I've been using ZFS for about a decade on several systems and can't say enough good things about it: rock solid, feature rich and easy to use are the top benefits.
It really needs more love!
Knowing you way around *BSD how check things, mount a USD drive, collect data & or evidence when need arises is well worth having beyond just surviving bare Linux skills. BSD's are alive and kicking on commercial appliances and devices.
For a while I used CentOS 7 on all of those small VMs, because it got security updates for a really long time. With minimal risk of breaking things on updates.
PS: after a bit of research Alma/Rocky Linux are probably the best choices for now. 10 years of support. But are they maintained well?
Then I figured that version upgrades were miserable, not just because I had painted myself in a weird corner with ungodly packages mix-ups, but because the upgrade path was always best-effort. I think I gave up during the 6 to 7 transition, as I realised that all I needed was fedora: with yearly or half-yearly updates I have no need to fight the distro's packages: stuff stays current and in working order, major distro upgrades go smoothly, downtime is minimal. I'm not considering going back to any "server distribution" ever.
Went with openSUSE MicroOS myself, it updates and reboots almost daily so I can be pretty confident my server is healthy and it's atomic so if something does break and I don't feel like dealing with it, I can just click rollback button from cockpit and deal with it whenever I have time.
Most of them are some small VMs or some Rasperry Pis controlling something. I want minimal changes on those systems, but still being able to update them.
My own service images already have a script that runs daily that pulls latest git updates and builds fresh images.
you do not belong in IT
There are things that need 9^5 and there are things that don't. If someone backs up their application configs and data properly, then the only thing that really matters is a proper backup strategy.
All my critical files are backed up periodically (manually) via rclone to S3 glacier, and all my services are documented in dokuwiki. If you use ansible or want to store configs and installation scripts, a private git repo would do well.
After that, I don't see a problem running rolling or short-support OS like Fedora Server for application hosting.
Alma has a few affordances as it's no longer RHEL source compatible, which means it could ship priviledge escalation fixes with new kernel updates faster.
Rocky responded with an extra, optional to enable, security repo to provide mitigations to the exploits while waiting for RHEL to downstream.
Look pretty well maintained to me. If only judging by recent events.
The manuals, indeed are good, though for more esoteric issues I land too often on a gated answer page.
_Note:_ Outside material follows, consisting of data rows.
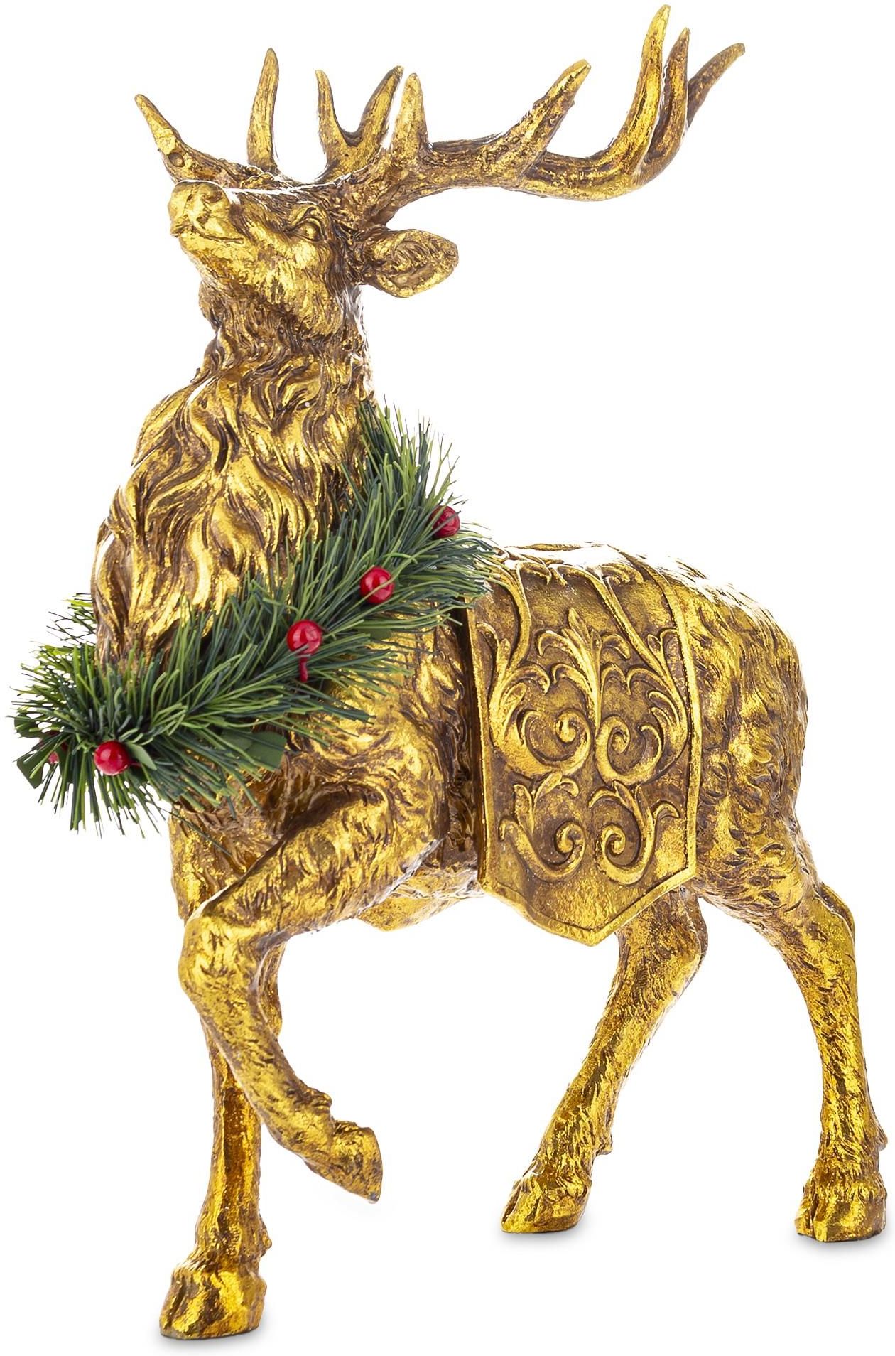 Figurka Jeleń Boże Narodzenie / Figurki i Ozdoby / Kolekcja Antique Rozmiar: 34x14x23 cm Pakowanie: 4/1 Waga: 1.23 kg Materiał: tworzywo sztuczne Kolor: złoty
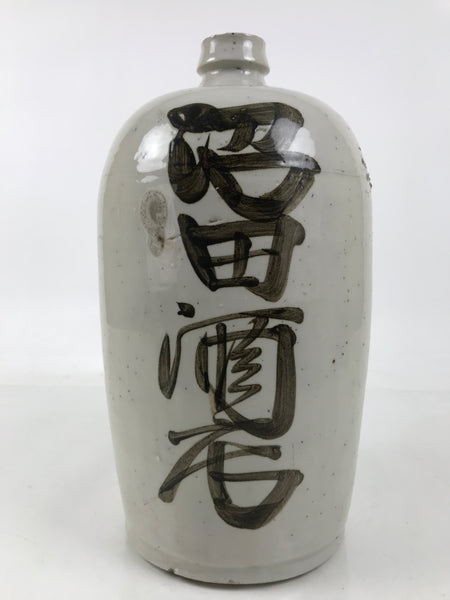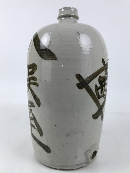 Antique Japanese Ceramic Sake Bottle Kayoi-Tokkuri Spout Large Gray Kanji TS801
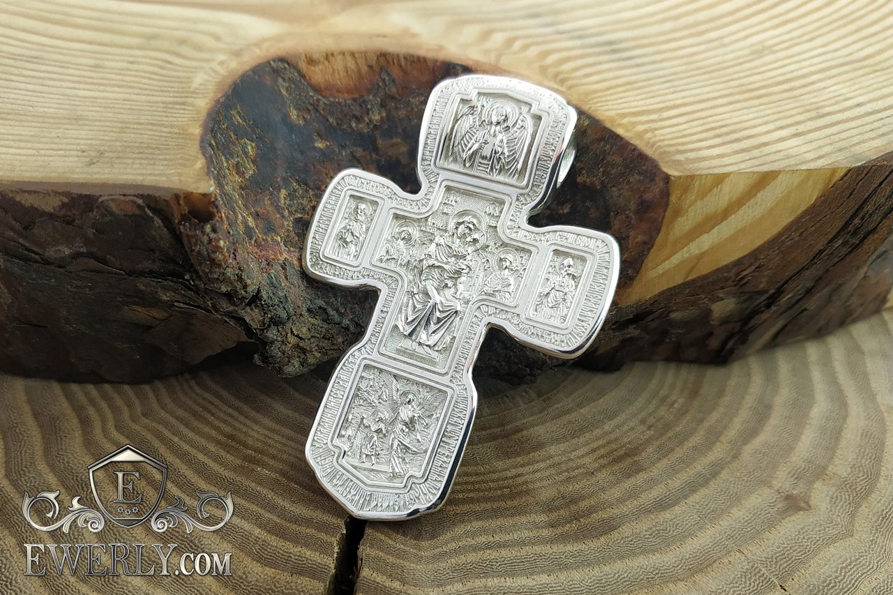 Вокруг Распятого Спасителя на кресте расположены иконы наиболее почитаемых на Руси святых, небесных помощников в самых разных нуждах, духовных и семейных проблемах.
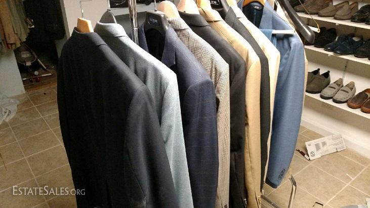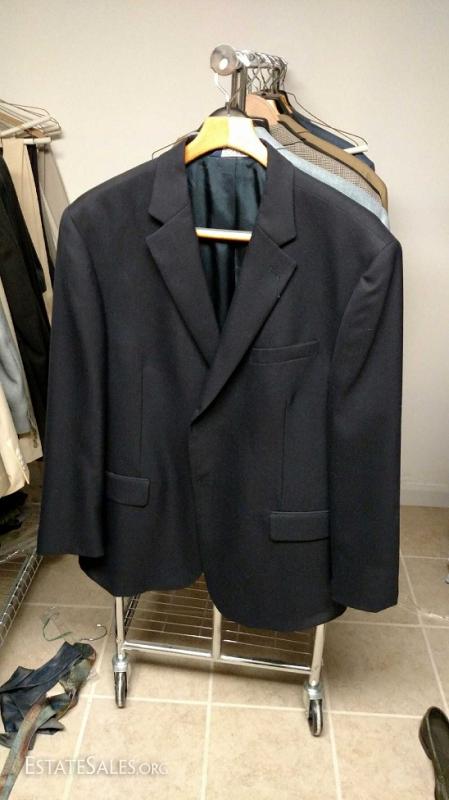 Entire rack of men's suits from L to 2X. Most are 2 piece. Rack not included in purchase. All clothes must go.
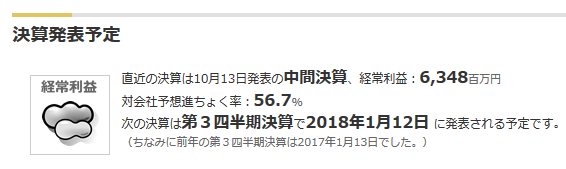 第2四半期で会社予想達成率が56.7%になっており、くもりマークとなっております。
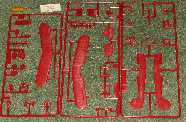 Instructions are the old type with one side showing an exploded view of the kit with painting information (in this case, red with white rudder/elevator stripes). This side is in French. On the other side are English and German construction steps. A rigging diagram is provided. The only decals are registration for the rudder and a set of stripes running diagonally on the fuselage as shown on the box art. I'm sure some hunting will come up with something more interesting. This old kit includes a rather large tube of dried up glue as was the norm back then.
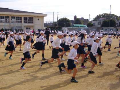 今日から2・3時間目の休み時間(業間)を活用して、全ての子どもたちが運動場をランニングします。
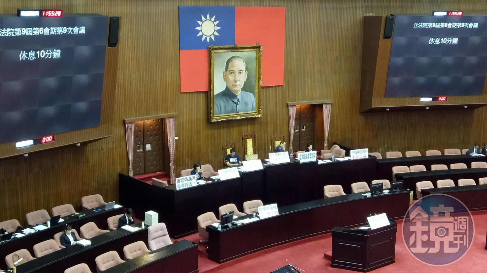 國民黨團書記長曾銘宗帶領下藍委喊「賴院長來報告」「部長下台」等口號,但主席蘇嘉全不理會抗議,照原訂議程繼續開會,林為洲衝向主席台一度攀爬站上主席台,但蘇嘉全直接宣布會議休息,林才從主席台離開,藍委趁機一擁而上,佔領主席台,讓議事癱瘓。
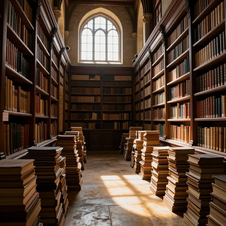 Sunlight streams through arched windows, casting golden patterns on the aged stone floor of a grand library, where towering wooden bookshelves lined with countless volumes stretch into the shadows, flanked by stacks of unbound manuscripts awaiting discovery.
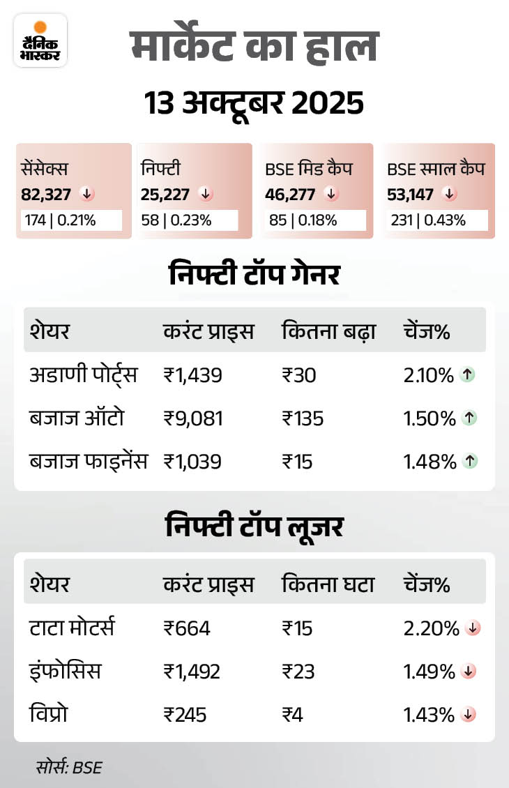 हफ्ते के पहले कारोबारी दिन सोमवार, 13 अक्टूबर को सेंसेक्स 174 अंक गिरकर 82,327 पर बंद हुआ। निफ्टी में भी 58 अंक की गिरावट रही, ये 25,227 पर बंद हुआ।
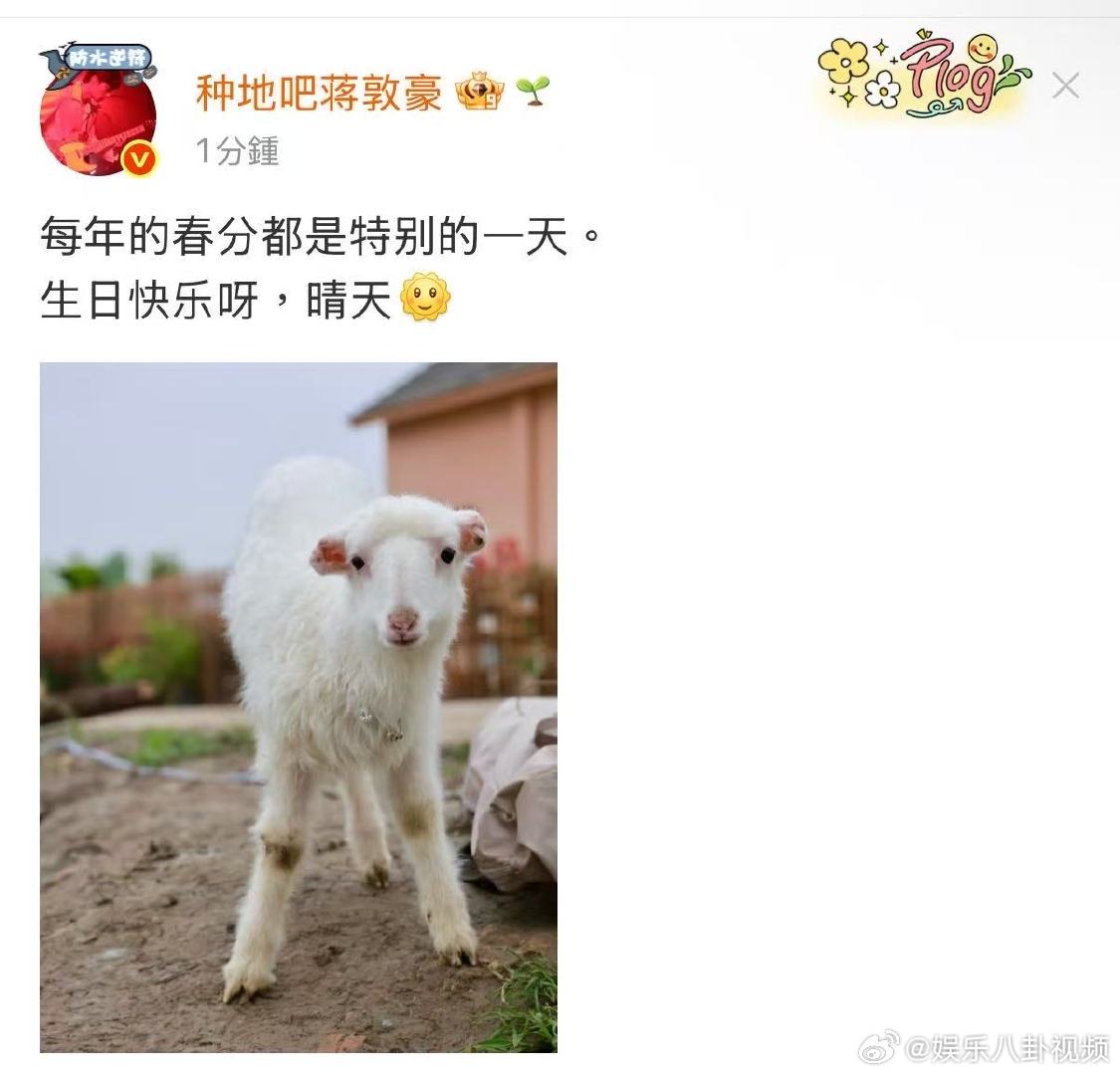 蒋敦豪生日快乐呀晴天蒋敦豪连续三年发文祝小羊晴天生日快乐,每个春分都是特别的种地吧
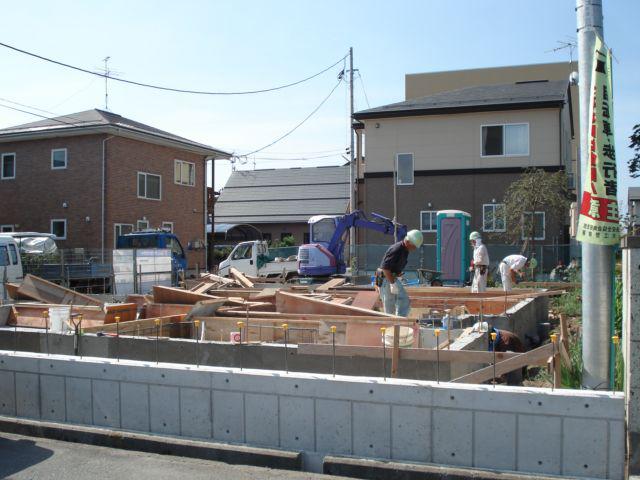 今日は内部の基礎立上り型枠組立をしています。
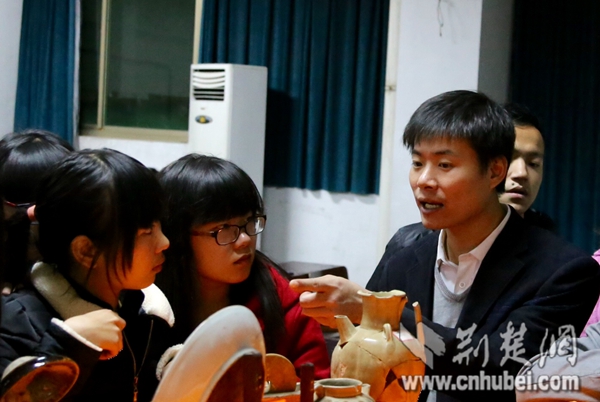 许老师不仅讲解自己的集邮知识,还介绍相关的中国收藏文化,在今年的11月下旬,他把知名收藏家——武汉长庭陶瓷博物馆馆长余长庭请进了课堂,给大学生们普及民间收藏的专业知识。

I don't care much about being fully RHEL compatible, or no ABI changes at all. I just want a system that gets security fixes quickly with as little chances of breaking things as possible.
Fedora CoreOS in particular has had a good track record delivering patches quickly. Like for CopyFail was pushed to the stable channel in about a day, IIRC, but the patch was already available within a few hours of disclosure in the "next" / testing channel.
Talos and Flatcar are also worth considering if you want an even smaller attack surface, from what I heard they weren't even affected by CopyFail.
RHEL is definitely the most stable major distribution. Alma and Rocky are essentially downstream clones of RHEL.
I have been running NixOS on several servers for more than a decade. No reinstalling, upgrading, or any breaks whatsoever.
I actually wonder what would happen to a NixOS installation frozen in time for 5 years that then you want to update to latest all of a sudden.
NixOS is not rolling release. This is a common misconception. You can use the unstable channel, which is a rolling release, or the regular channels which get released twice a year. These are really stable and move very slowly. You can also mix and match, running software from different channels.
> I actually wonder what would happen to a NixOS installation frozen in time for 5 years that then you want to update to latest all of a sudden
I have done this recently as I kept an airgapped machine, which I decommissioned, connected to the Internet and updated to the latest channel. Everything worked just fine. I just had to change a couple of options in my configuration which had become outdated. Nix is functional, so it's much less prone to all stateful issues that plague other package managers.
It's very rare to find something that prevents you from directly updating. Nixpkgs tries very hard to no require new Nix features, so it evaluates with even Nix versions from a decade ago. Also, NixOS options and packages are frequently changed, but the automatic migrations (mkChangedOptionModule, mkRenamedOptionModule, alias, etc.) are never removed in practice.
Since the binary cache has never been cleared since its creation (2002?), it should actually be easy to install a super old NixOS release and upgrading it to the latest to see what happens.
By the way, there are LTS versions of NixOS, just not officially supported. See https://docs.ctrl-os.com/.
It has been the most headache-free Linux I've used, simply because I'm less scared to play with and fix stuff. The fact that rollbacks are trivial and snapshots are automatic, and since everything is declarative in a text file anyway, I am way braver. If I do something like screw up the video driver, or the wifi driver or make it so the system doesn't boot anymore, all I need to do is reboot and choose a previous generation.
The main reason of a LTS distribution is not having to play around and fix stuff. Install something once, and it keeps running without any changes, but still gets security updates.
For example, there's a weird quirk with my laptop that if I am using a USB keyboard and stop typing for more than a minute, it "powers down", and if when I start typing again it misses the first four or five characters, which is very annoying.
The solution involved putting a few boot parameters and then it works fine and as expected, but I would be reluctant to do that with Ubuntu or really any non-NixOS distro, because if I screw up a boot param I get into a situation where the computer won't, you know, boot, meaning I'm stuck screwing around with grub commands and trying to fix things, which is annoying. With NixOS, if I screw things up it's like a minute of rebooting and choosing the old generation.
Not to mention that if you have a non-declarative OS, it can be hard to know what exactly is on the computer. When I ran an Ubuntu LTS server, I eventually had installed dozens of packages that I don't think were being used but it was hard to know for sure which ones were necessary and which ones weren't. When I'm using NixOS all the packages are unambiguously in the configuration.nix. "Uninstalling" a program (including its transitive dependencies) is just removing that package out of the configuration.nix and rebuilding.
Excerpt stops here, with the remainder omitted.